§ Recorded data:

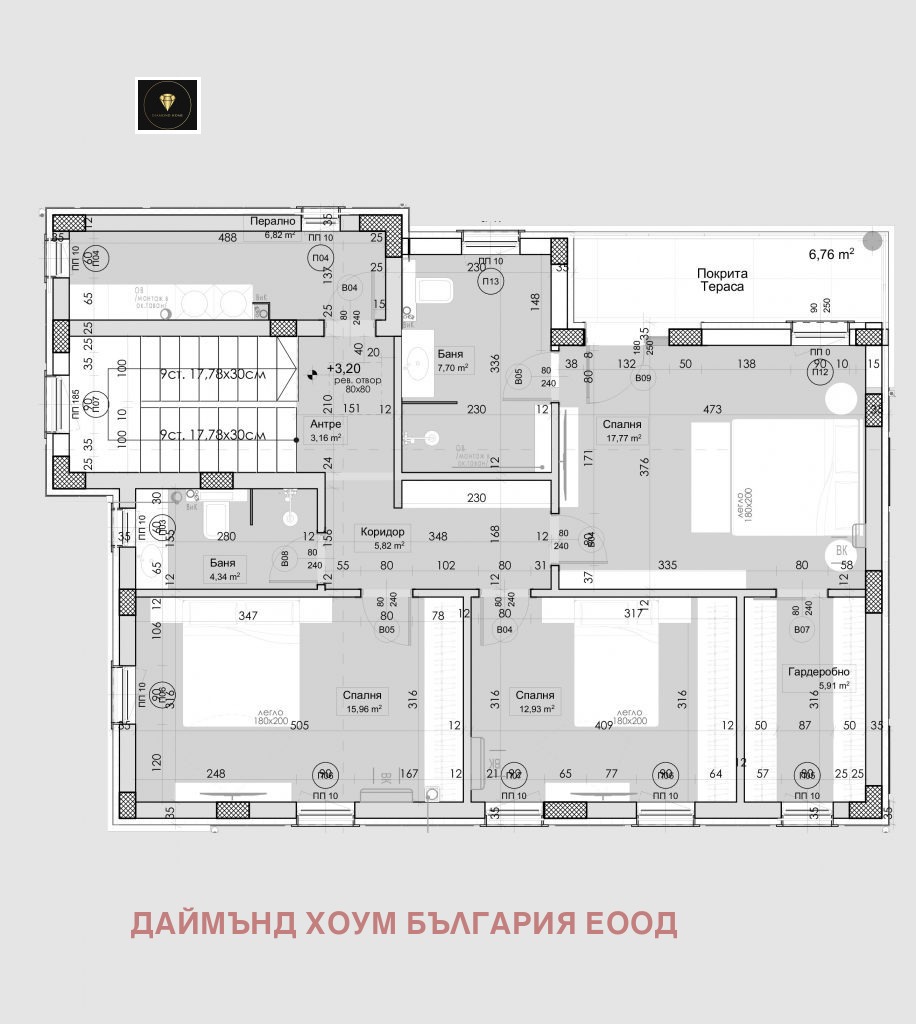 3 спални, 2 бани с wc, гардеробна, перално, тераса.
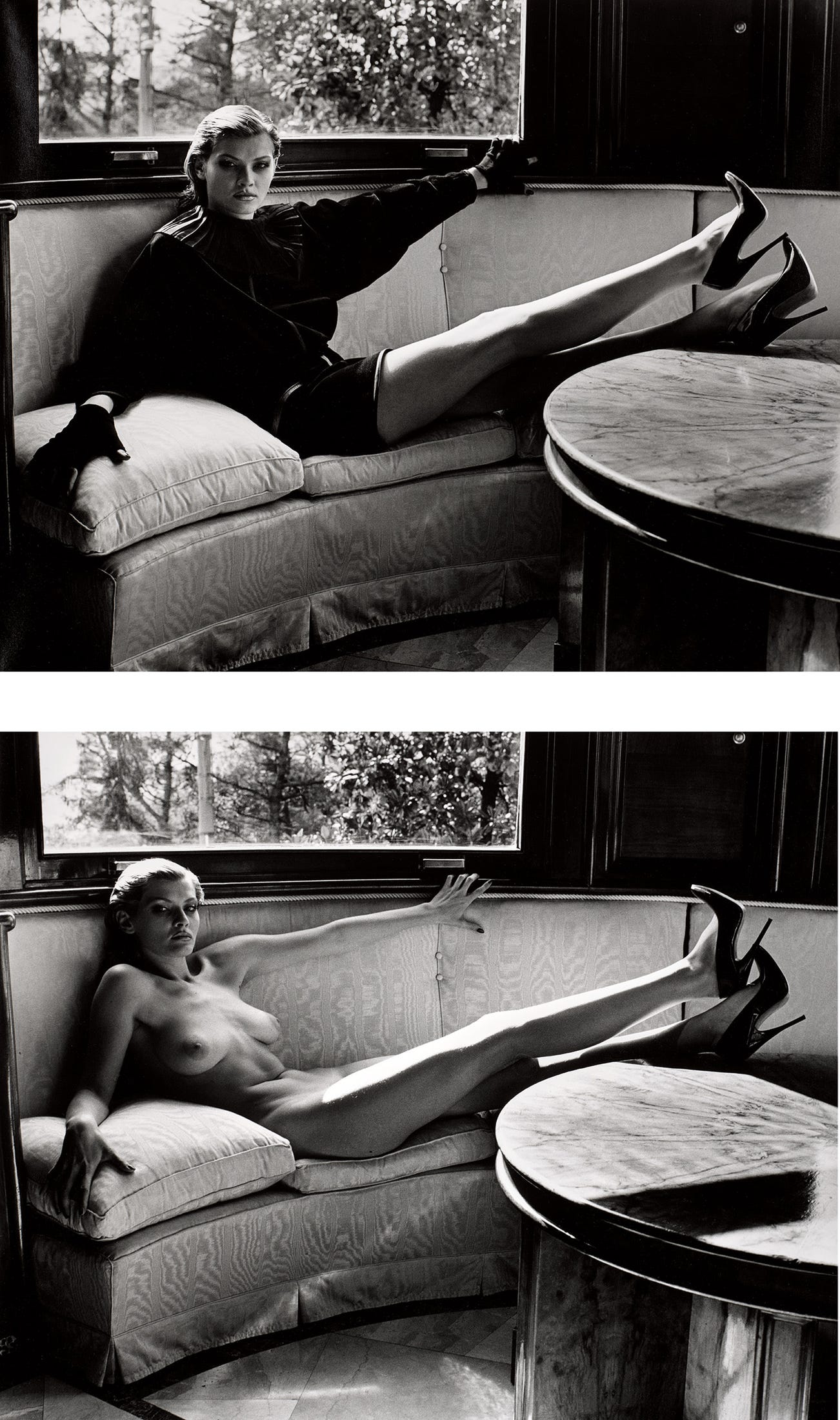 Newton created a working space for his models that was part decadent and part unorthodox — a safe microcosm in which fantasies became reality. And perhaps most famously of all, Newton engendered an environment in which his female models claimed the space around them with unapologetic poise and commanding sensuality. His almost cinematic compositions provided a hyper-real backdrop for the provocative images of sculptural, larger-than-life women, and enhanced the themes of voyeurism and fetishism that run throughout his work.
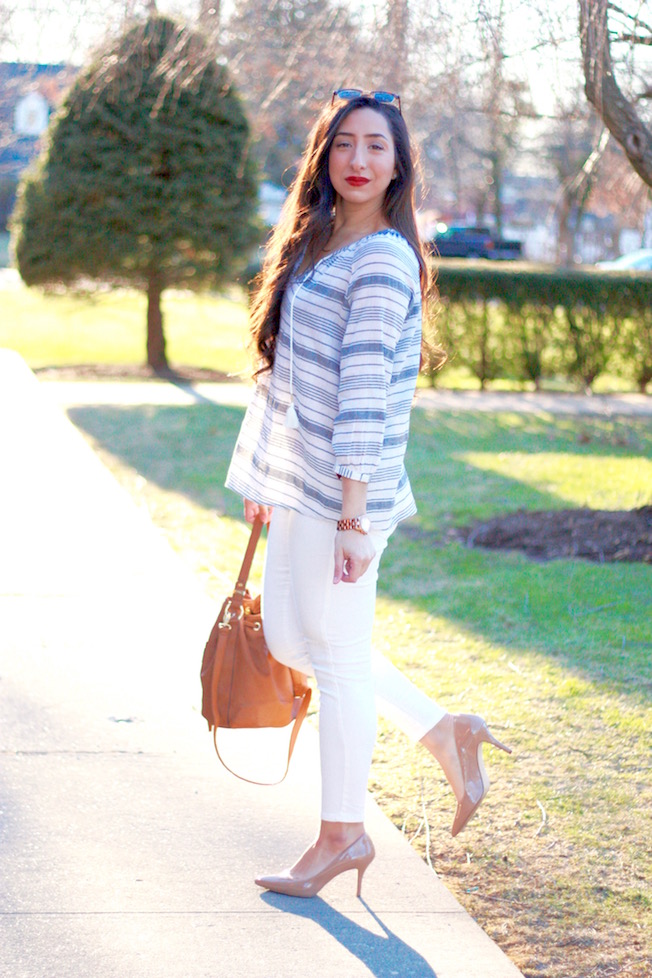 I know what you mean about Spring in the air. 🙂 So excited too. I love your white jeggings! They look so modern and fresh. The heels neutral patent leather heels are so gorgeous too. Very nice transition outfit. 🙂

§ Instructions to follow: In the reply, each line of the data must appear exactly as written, and no picture may appear.

§ Reply to the task:
 3 спални, 2 бани с wc, гардеробна, перално, тераса.
 Newton created a working space for his models that was part decadent and part unorthodox — a safe microcosm in which fantasies became reality. And perhaps most famously of all, Newton engendered an environment in which his female models claimed the space around them with unapologetic poise and commanding sensuality. His almost cinematic compositions provided a hyper-real backdrop for the provocative images of sculptural, larger-than-life women, and enhanced the themes of voyeurism and fetishism that run throughout his work.
 I know what you mean about Spring in the air. 🙂 So excited too. I love your white jeggings! They look so modern and fresh. The heels neutral patent leather heels are so gorgeous too. Very nice transition outfit. 🙂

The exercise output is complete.